Mais le plus grave, ajoute Hernández, est l'insatisfaction croissante des usagers. « L'entité est également confrontée à une augmentation de 30 % des demandes, plaintes et réclamations en 2024 (358 316 depuis le début de l'année, contre 277 033 en 2023), ce qui reflète l'insatisfaction des usagers et les problèmes de prestation de services », a-t-il expliqué. À cela s'ajoute une dette envers les établissements de santé d'environ 4 200 milliards de pesos, dont 2 200 milliards sont en souffrance, selon les données disponibles. « Cela indique une grave crise de liquidités », prévient-il.
Hernández souligne que si des mesures immédiates ne sont pas prises, les conséquences seraient dévastatrices. « Si Nueva EPS ne parvient pas à se stabiliser et que son portefeuille continue de croître, les risques pour le pays sont multiples et graves. Cela affecterait les soins de millions d'usagers, notamment dans les services essentiels tels que les soins primaires, l'hospitalisation et le traitement des maladies chroniques », souligne-t-il.
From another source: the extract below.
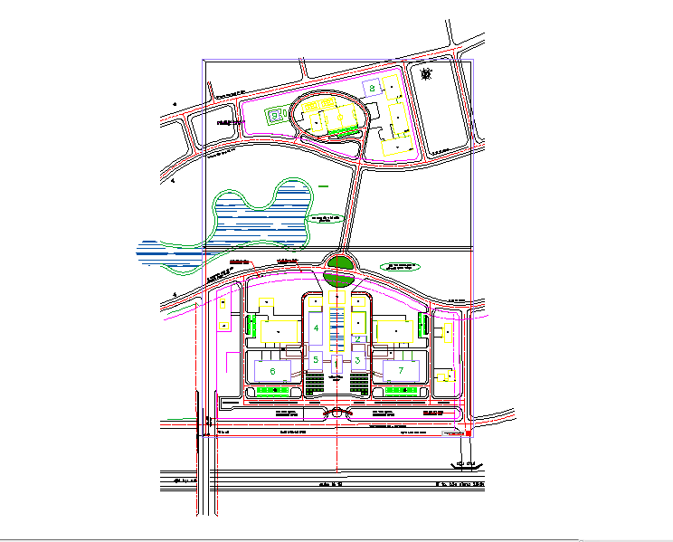 School building plans and designs, High school education university village center, 15.51ha area boundary construction limit, university sports village, experimental garden, etc detail.

La Surintendance de la Santé a récemment modifié les responsables de trois EPS. Photo : Surintendance de la Santé / Archives EL TIEMPO
Du côté du secteur hospitalier, les perspectives sont encore plus dramatiques. Juan Carlos Giraldo, directeur de l'Association colombienne des hôpitaux et cliniques (ACHC), souligne que ces chiffres sont intenables et que, de fait, les calculs de l'ACHC sont même supérieurs à ceux utilisés par d'autres secteurs. « Il s'agit d'un EPS qui, à lui seul, affiche déjà, avec nos IPS, un portefeuille de plus de 5 000 milliards de pesos (...) avec une croissance supérieure à 800 milliards de pesos au premier semestre et une détérioration de la délinquance de 5,5 points de pourcentage », explique-t-il.
Giraldo prévient que la situation n'est plus un risque futur, mais une réalité tangible. « La question du portefeuille n'est pas seulement une question numérique (…) aujourd'hui, ce n'est plus un événement temporaire ni un risque, mais plutôt un événement déjà en cours, avec des fermetures qui nous font beaucoup de mal et causent des problèmes dans les régions », affirme-t-il. Il appelle à l'urgence : « Le temps de la maladie est très différent du temps de la politique et de l'administration. Les malades n'ont pas le temps d'attendre que toutes ces discussions aient lieu. »
Les diagnostics des trois experts coïncident sur les points principaux : Nueva EPS traverse une crise de liquidité qui menace de déborder, la rotation des auditeurs a exacerbé l'instabilité administrative et l'opacité de ses chiffres empêche de prendre des décisions basées sur des informations fiables.
Pendant ce temps, cliniques et hôpitaux sont contraints de fermer leurs services ou de suspendre les soins, reportant ainsi le fardeau de la crise directement sur leurs usagers. La combinaison du non-paiement des prestataires, de l'insatisfaction des patients et de l'opacité des rapports financiers a placé la plus grande compagnie d'assurance du pays dans une situation critique. « Une intervention sans ressources supplémentaires ne fait que gagner du temps, mais ne résoudra pas les problèmes sous-jacents », conclut Giraldo.